3:1O God howe are myne enemies increased? many do ryse vp against me
3:2Many say of my soule: there is no saluation for it in God. Selah
3:3But thou O God art a buckler for me: thou art my worship, and the lifter vp of my head
3:4I dyd call vpon God with my voyce, and he hearde me out of his holy hyll. Selah
3:5I layde me downe and slept: and I rose vp agayne, for God sustayned me
3:6I wyll not be afrayde of ten thousandes of the people: that haue set them selues against me rounde about
3:7Arise vp O God, saue thou me O my Lorde: for thou hast smitten all myne enemies vpon the cheeke bone, thou hast broken the teeth of the vngodly
3:8Saluation is of God: thy blessing is vpon thy people.
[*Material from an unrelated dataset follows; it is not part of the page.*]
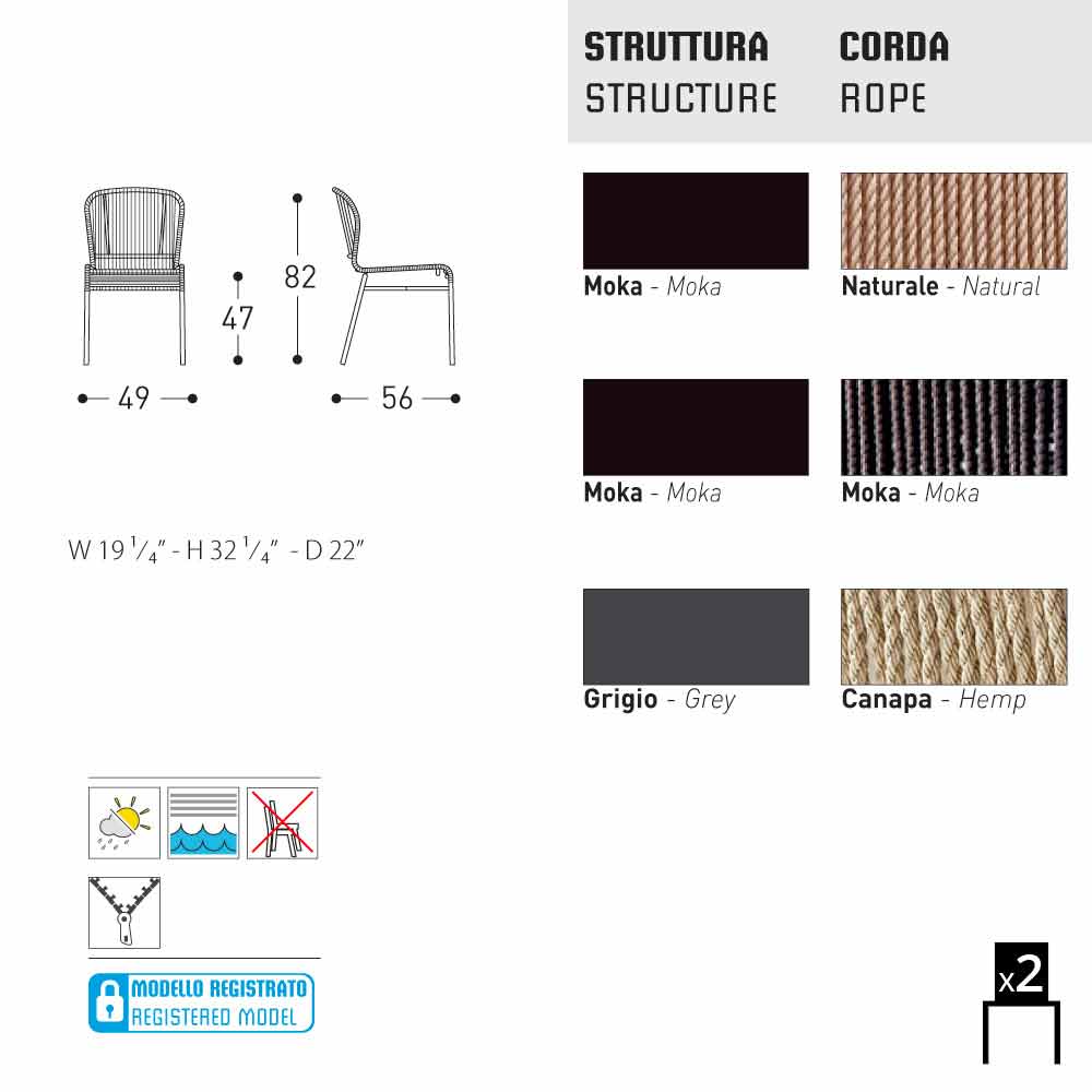 Mist zout en chloor: het product is geschikt voor het mariene milieu, in omstandigheden van zoute milieus en voor het zwembad in de aanwezigheid van chloor meubels. Maatregelen: zorgvuldig onderhoud en reiniging is van essentieel belang om de integriteit van de leden zo lang mogelijk te behouden.

Selah
Bishops Bible 1568

Bishops Bible 1568

The Bishops' Bible was produced under the authority of the established Church of England in 1568. It was substantially revised in 1572, and the 1602 edition was prescribed as the base text for the King James Bible completed in 1611. The thorough Calvinism of the Geneva Bible offended the Church of England, to which almost all of its bishops subscribed. They associated Calvinism with Presbyterianism, which sought to replace government of the church by bishops with government by lay elders. However, they were aware that the Great Bible of 1539 , which was the only version then legally authorized for use in Anglican worship, was severely deficient, in that much of the Old Testament and Apocrypha was translated from the Latin Vulgate, rather than from the original Hebrew, Aramaic and Greek. In an attempt to replace the objectionable Geneva translation, they circulated one of their own, which became known as the Bishops' Bible.